Many computers in 2021 come standard with SSDs, or Solid State Drives. SSDs are superior to Hard Disk Drives, or HDDs, for a number of reasons; not least of which being reduced moving parts. HDDs require a physical disk to be spun. As a result, there are higher power draws, and greater opportunities for hardware to malfunction.

Meanwhile, SSDs are essentially the same as thumb drives: they have no moving parts. Were you a kid in the nineties? It’s the difference between a Nintendo 64 and a PlayStation. The N64 hardly had any load times, whereas you could wait a few minutes for your PS to load.

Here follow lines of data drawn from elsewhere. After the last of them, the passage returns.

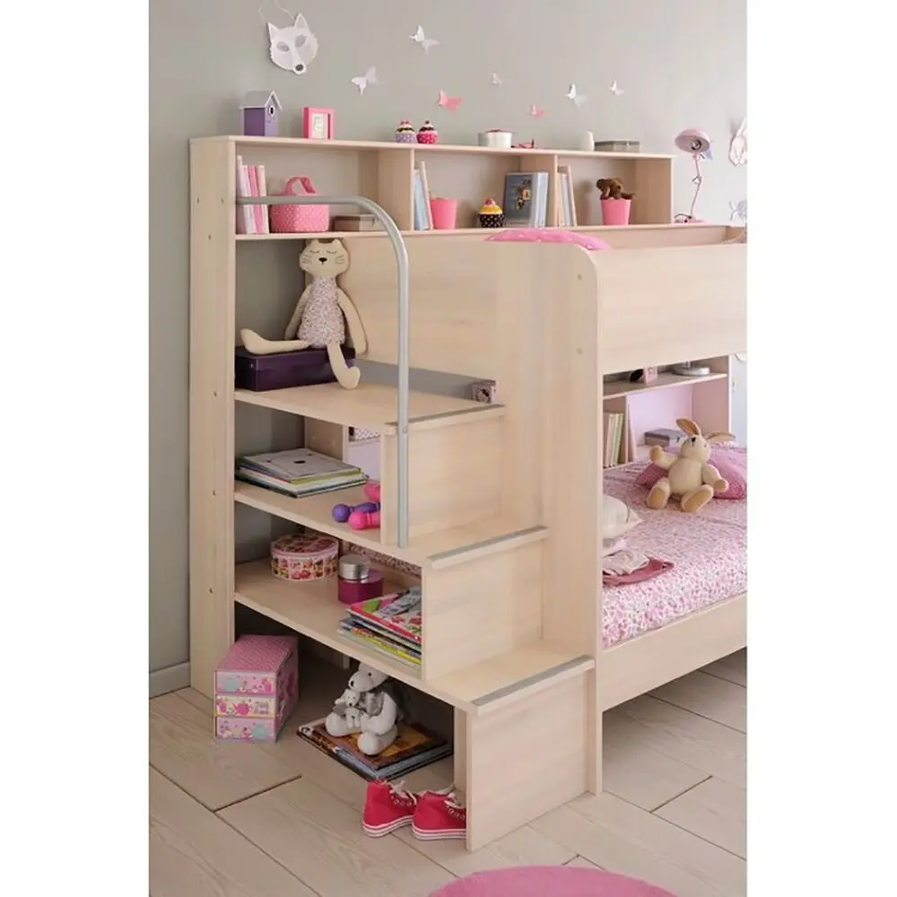 Designed with safety rails and sturdy storage steps, kids can climb up comfortably while enjoying built-in shelving for books, toys, and décor. The clever cabin-style structure maximizes floor space, making it perfect for compact rooms or shared spaces.
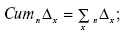 • кумулята доли суммарной рождаемости (CumnΔx), приходящаяся на возрастной интервал (x+n) лет:
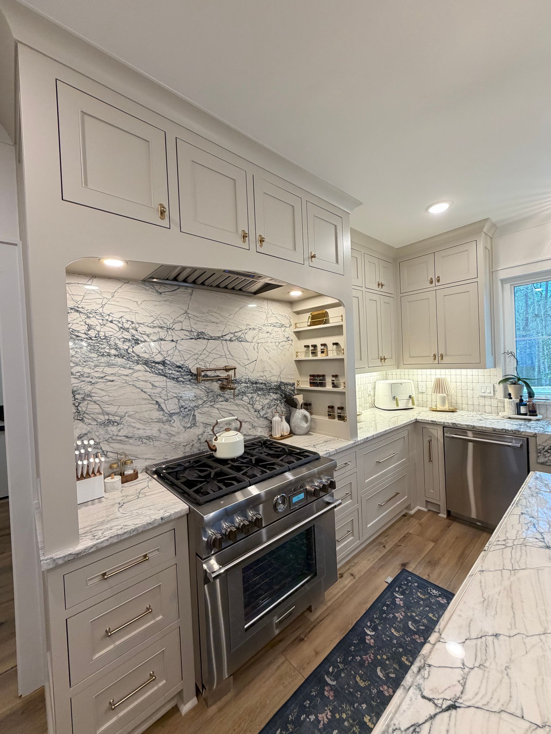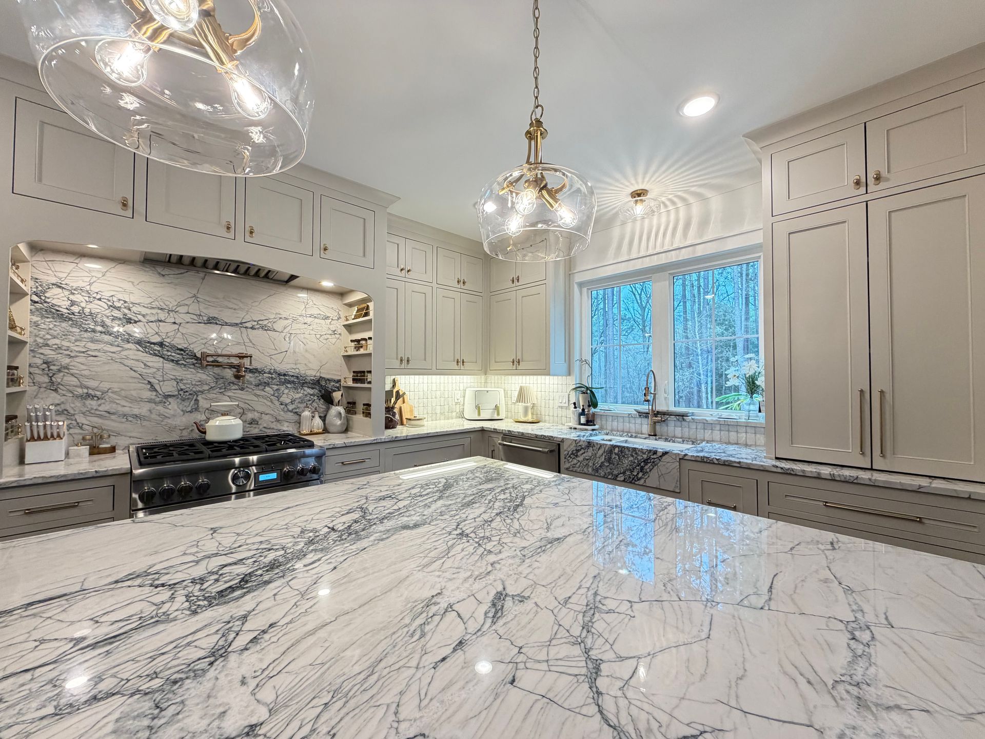 - Custom cabinetry, countertops, and fixtures
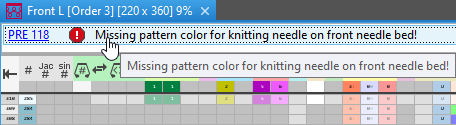 Click on the error message in order to get more information about the error cause, its position in the pattern and a possible remedy.
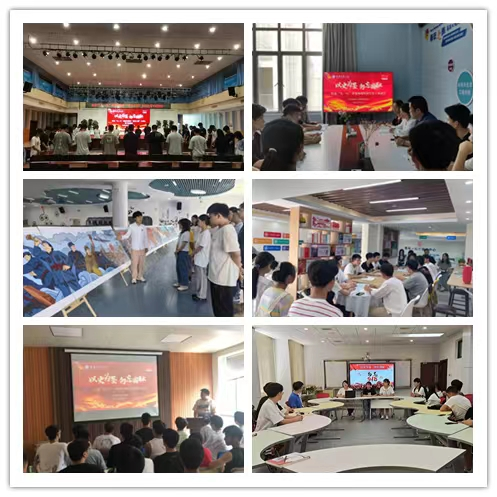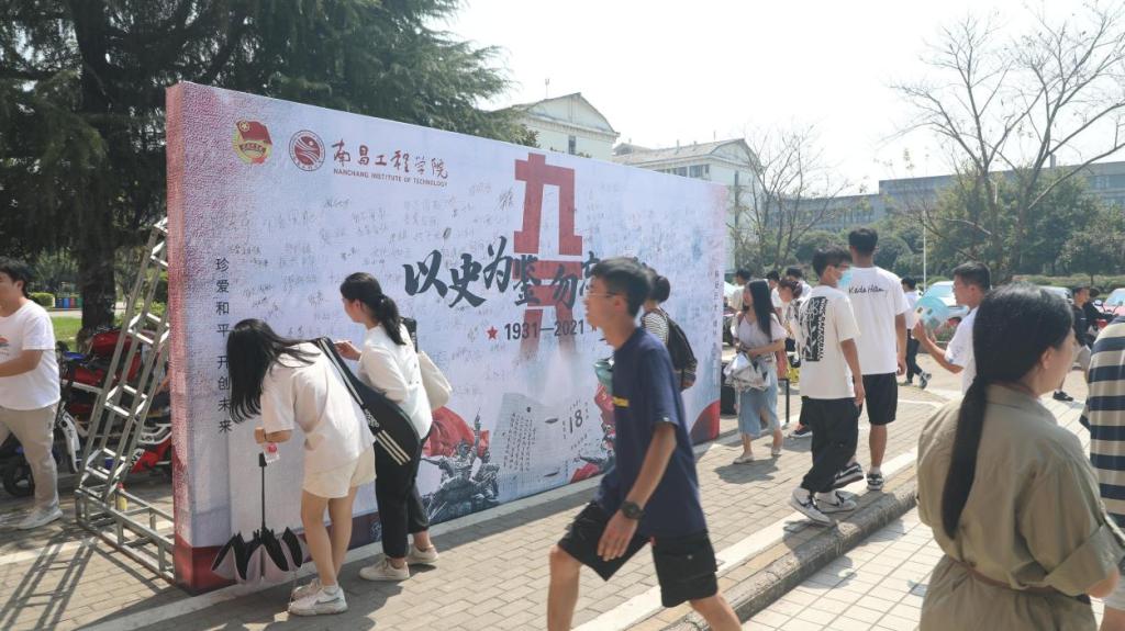 活动前夕,学校面向师生发出《以史为鉴,砥砺前行——纪念“九·一八”事变90周年倡议书》,倡议广大师生铭记历史、缅怀先烈,弘扬伟大建党精神。活动期间,全校师生重温历史时刻,激发奋进力量。9月18日,在教学楼设置了“九·一八”事变背景墙和宣传标语,上午10:00-10:03,全校授课教师组织学生集体默哀三分钟。思政课教师将“九·一八”事变融入思政课程教学内容,在重温历史、思考历史、感悟历史中,引导学生培养爱国之情、砥砺强国之志、实践报国之行。其他课程教师将“九·一八”事变融入课程思政教学内容,激发学生爱国情感,培养坚韧不拔的奋斗精神和家国情怀。各单位充分用好用活阵地,利用江西爱国主义基地、学生公寓新时代文明实践中心、党员活动室等开展了系列纪念活动。校团委依托百米百年党史画卷展板,用革命先烈鲜活的事例教育引导广大团员青年牢记历史、勇于创新、积极实践,践行“请党放心,强国有我”的青春誓言;研究生院、信息工程学院、士官学院通过组织学生开展红色故事宣讲活动,观看《“九·一八”真相》红色影片等,切实弘扬“勿忘国耻,强国有我”的爱国情怀和民族精神;机械工程学院、工商管理学院、经济贸易学院、理学院、外国语学院和瑶湖学院通过开展主题党(团)日活动,鼓励当代大学生要将浓浓的爱国热情融入到努力学习、建设国家、发展经济、强盛民族的实际行动中;电气工程学院、人文与艺术学院通过党员座谈分享会,阐述了当代大学生要坚定理想信念,展现应有的责任与担当,把爱国热情转化为助力中华民族伟大复兴的强大动力,居安思危、奋发图强。
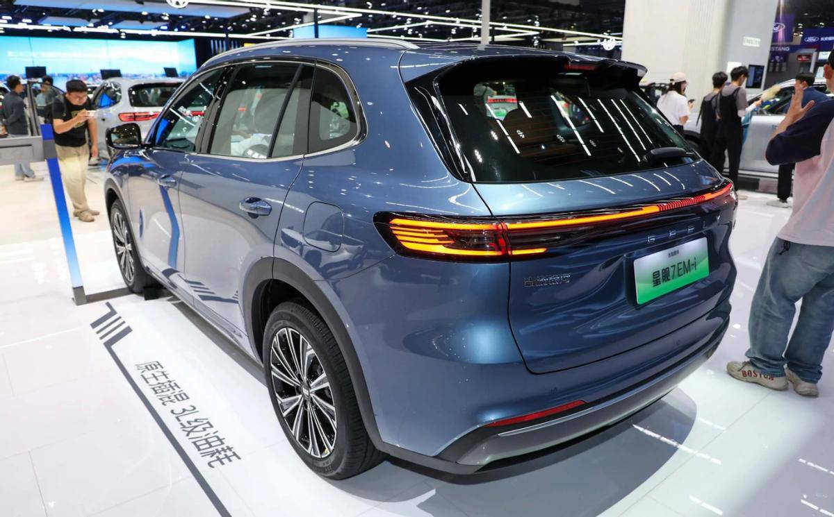 在續航和能耗上,銀河星艦7 EM-i提供55km和120km兩種純電續航,全部采用磷酸鐵鋰電芯,官方給出的滿油滿電綜合續航最高能夠達到1420km,CLTC標準下百公里虧電油耗是3.75L,要知道宋Pro DMi的NEDC標準下虧電油耗是3.79L,同時支持快/慢充。
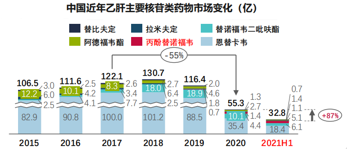 目前,干扰素和核苷(酸)类药物是临床上批准用于治疗慢性乙肝的药物。药融数据显示,核苷类似物药物市场规模从2016年的111.6亿人民币下降至2020年的55.3亿人民币,预计随着诊断率的进一步提升,核苷(酸)类药物市场将从2025年的123.3亿增长到2030年的183.7亿;随着更多创新型乙型肝炎病毒药物陆续上市,市场将开始大幅增长。
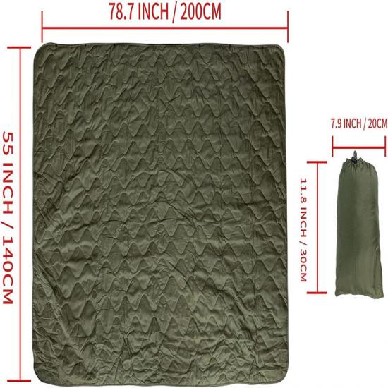 MATÉRIEL: La couverture d'urgence polyvalente est fabriquée en ripstop 210T et remplie de coton pulvérisé pour empêcher l'eau de pénétrer dans le compartiment du poncho pour vous garder au chaud et confortable.
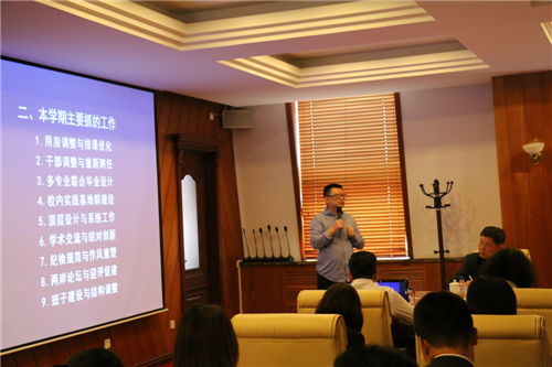 董事长首先从努力发现问题、切实解决问题、重立规矩规范三个方面阐述了十年回归学校关心的工作;从用房调整与排课优化、干部调整与重新聘任、多专业联合毕业设计、校内实践基地群建设、顶层设计与系统工作、学术交流与结对创新、纪检规范与作风重塑、两岸论坛与迎评促建、班子建设与结构调整九个方面和与会人员回顾了本学期主要抓的工作。接着就校内实践教学基地群的建设工作对全体参会人员进行动员。
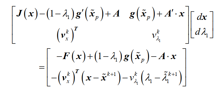 同時,為了更好地保證收斂性,我們采取了弧長法對同倫方程的解曲線進行追蹤。該方法主要分為預測和校正兩個階段。其預測階段的需要求解的方程如下:
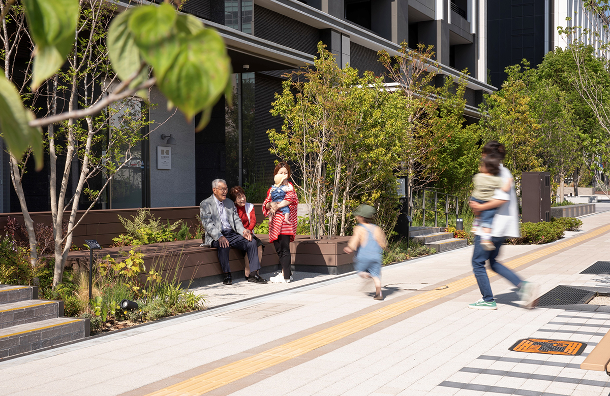 マンションのエントランス前に設けた「並木広場」は、日常的には街の人々の休憩や子どもの遊び場として、イベント時には前面道路と一体的に活用し、マルシェやファーマーズマーケットの会場となるなど、日常にもハレの日のどちらにも対応できる柔軟な空間です。
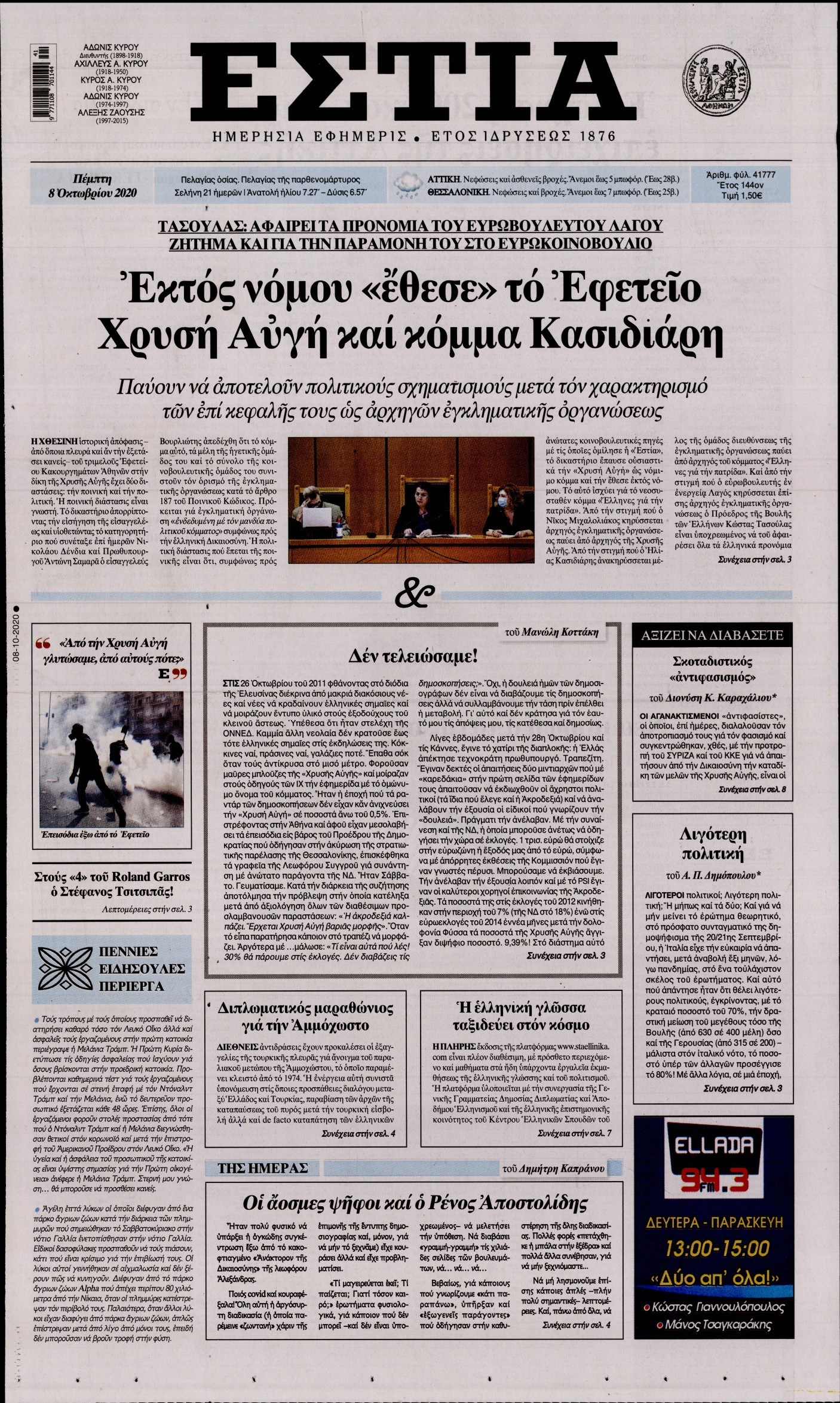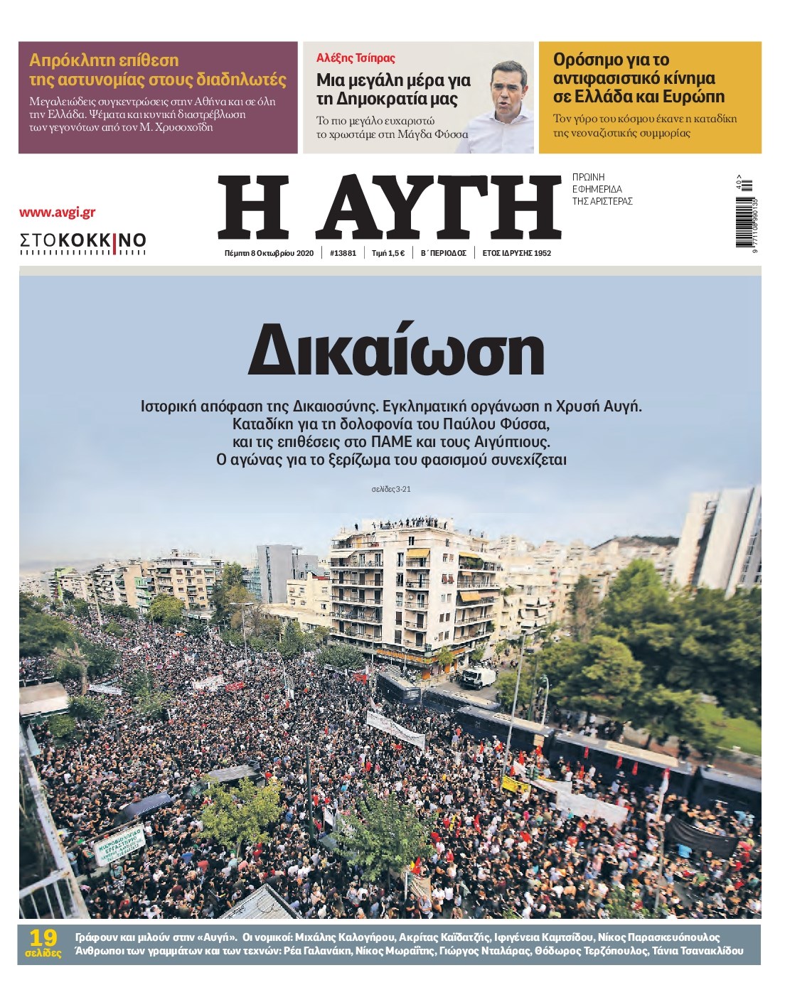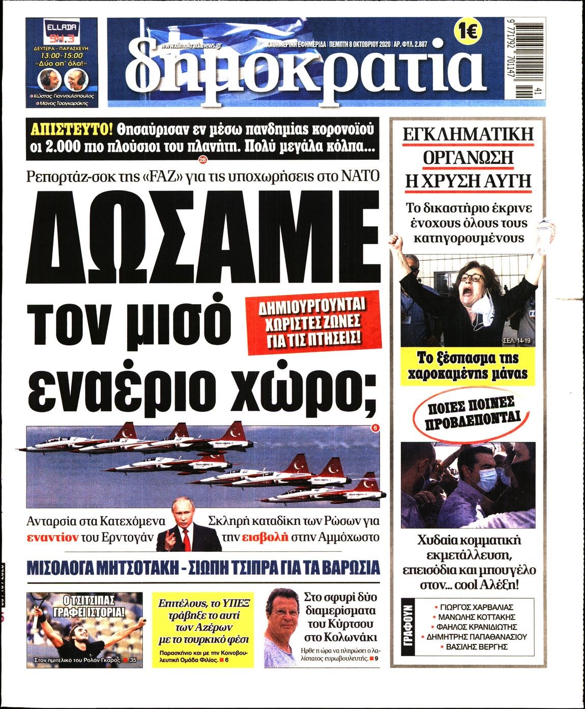 Οι πολιτικές εφημερίδες 8/10/2020 Διονύσης Νίκκας 06:09, Πέμπτη 08 Οκτωβρίου 2020 Media Διαβάστε τα πρωτοσέλιδα των πολιτικών εφημερίδων… ΠΟΛΙΤΙΚΕΣ ΕΦΗΜΕΡΙΔΕΣ ΠΡΩΤΟΣΕΛΙΔΑ Μοιράσου το: σχολίασε κι εσύ (0 σχόλια) Ακολουθήστε το enikos.gr στο Google News και μάθετε πρώτοι όλες τις ειδήσεις Δείτε όλες τις τελευταίες ειδήσεις από την Ελλάδα και τον Κόσμο στο enikos.gr Ειδήσεις Ροή Ειδήσεων 2 ώρες πριν Μπλόκα: Οι αγρότες σηκώνουν τις μπάρες σε διόδια για τους εκδρομείς των Χριστουγέννων και μοιράζουν προϊόντα – Βίντεο 2 ώρες πριν Τσιάρας προς αγρότες: Τα μπλόκα και τα πείσματα δεν ωφελούν – Οι λύσεις περνούν μέσα από τον διάλογο 3 ώρες πριν Αρχεία Έπσταϊν: Οι συγκλονιστικές φωτογραφίες – Ο Μάικλ Τζάκσον, ο Μικ Τζάγκερ και ο Κέβιν Σπέισι ανάμεσα στους διάσημους που απεικονίζονται 54 λεπτά πριν Μαθητές διακινούσαν κοκαΐνη και χασίς σε σχολείο της Αττικής – 12 συλλήψεις 60 λεπτά πριν Βέλγιο: Άγνωστοι έριξαν κόκκινη μπογιά στο προξενείο της Πολωνίας στις Βρυξέλλες 5 ώρες πριν Μία νέα «χρυσή» περίοδος αρχίζει για 3 ζώδια από σήμερα – «Μία αναπάντεχη ευκαιρία οδηγεί στην επιτυχία» 3 ώρες πριν Διαιτολόγος αποκαλύπτει 9 πρωινές συνήθειες που «λιώνουν» το κοιλιακό λίπος – «Υποστηρίζουν την υγιεινή απώλεια βάρους» 4 ώρες πριν Οι 7 φράσεις που δεν λένε ποτέ οι συναισθηματικά έξυπνοι άνθρωποι κατά τη διάρκεια ενός καβγά 6 ώρες πριν Enerwave: Το νέο «ρεύμα» στη λιανική ενέργειας που αλλάζει την εμπειρία του καταναλωτή 3 λεπτά πριν Μαρινάκης στον Realfm 97,8: Η κυβέρνηση σέβεται κάθε λογική διεκδίκηση των αγροτών, αλλά και το αίτημα των πολιτών να μην ταλαιπωρούνται 9 λεπτά πριν O Πάντερ MVP της 17ης αγωνιστικής στην Euroleague 18 λεπτά πριν Πέθανε η τραγουδίστρια Κλαούντια Ντελμέρ 25 λεπτά πριν Μία ανεκμετάλλευτη πηγή θα μπορούσε να προσφέρει ανεξάντλητη ενέργεια – Οι επιστήμονες ίσως γνωρίζουν πώς να την ξεκλειδώσουν 34 λεπτά πριν Θεσσαλονίκη: Ανήλικος που είχε εξαφανιστεί βρέθηκε στο σπίτι Τούρκων μετά από αστυνομική επιχείρηση ENIKOS NETWORK Η αποχή από την αναπαραγωγή παρατείνει τη ζωή στα ζώα, σύμφωνα με μελέτη – Τι ισχύει για τους ανθρώπους; Σημαντικές επαφές στις ΗΠΑ είχε ο υπουργός Υγείας Άδωνις Γεωργιάδης Ευλογιά αιγοπροβάτων: Παρατεταμένη επιζωοτία, αυστηρά μέτρα – Τι ισχύει για τον εμβολιασμό και την ανασύσταση του ζωικού κε... Τσιάρας προς αγρότες: Έχει ικανοποιηθεί το 74% των αιτημάτων – Τα μπλόκα και τα πείσματα δεν ωφελούν Χαρτογραφώντας το «σημείο χωρίς επιστροφή»: Για πρώτη φορά αποκαλύπτεται με λεπτομέρεια το ακανθώδες όριο της ατμόσφαιρας τ... Η Google καταργεί τη λειτουργία «dark web report» – Πώς θα μπορούν οι χρήστες να διαγράφουν τα δεδομένα τους περισσότερα 14:04 , Σάββατο 20 Δεκεμβρίου 2025 Η Realnews αυτής της Κυριακής (21/12/2025) Με τίτλο: «Ασπίδα προστασίας για την Ελλάδα» κυκλοφορεί, αυτήν την Κυριακή, η Realnews. Σημαντ... 12:53 , Σάββατο 20 Δεκεμβρίου 2025 Να μ’ αγαπάς: Το παρελθόν έρχεται στο φως – Καταιγιστικές εξελίξεις στα τελευταία επεισόδια του 2025 Ο Άγγελος αποκαλύπτεται, η Φωτεινή ανησυχεί για τον Λευτέρη και η Ζωή έρχεται αντιμέτωπη με το... 11:41 , Σάββατο 20 Δεκεμβρίου 2025 «Η αγάπη δεν χάνεται ποτέ»: Η μικρού μήκους ταινία κινουμένων σχεδίων που θέτει ερωτήματα για τη ζωή και τον θάνατο Ο θάνατος είναι ένα από τα πιο σκληρά θέματα που καλείται να διαχειριστεί κάποιος στη διάρκεια... 09:30 , Σάββατο 20 Δεκεμβρίου 2025 «Porto Leone: Στη γειτονιά με τα κόκκινα φανάρια» – Ο Χρόνης αποκαλύπτει στην Αλεξάνδρα το μυστι

Well, today the technology has become even more refined.

How Transfers Are Ultimately Managed

A Strategy for Preservation of Precious Family Films

If you transfer 8MM film to DVD, you can upload it to your modern SSD computer drive, and there it will be safe over the long term. Also, you’ll have a much easier time retaining that data, as computer technology exponentially increases over time. Basically, every three to five years you’re likely going to get a new computer with exponentially greater storage.

In all likelihood, you’ll migrate the totality of your data to the new computer each time you upgrade. An exact copy is made during the migration, you can keep your old computer in storage with all the data, and work with your new one as though you hadn’t lost even a byte of information. There’s no way to continuously upgrade celluloid film in this matter.

There are a lot of reasons to explore digital solutions for analog film, not least of which being the ceaseless march of time. Working with transferral companies can make the process quick and easy. You can transfer your old film to a DVD, and from there, put it in whatever format you find best.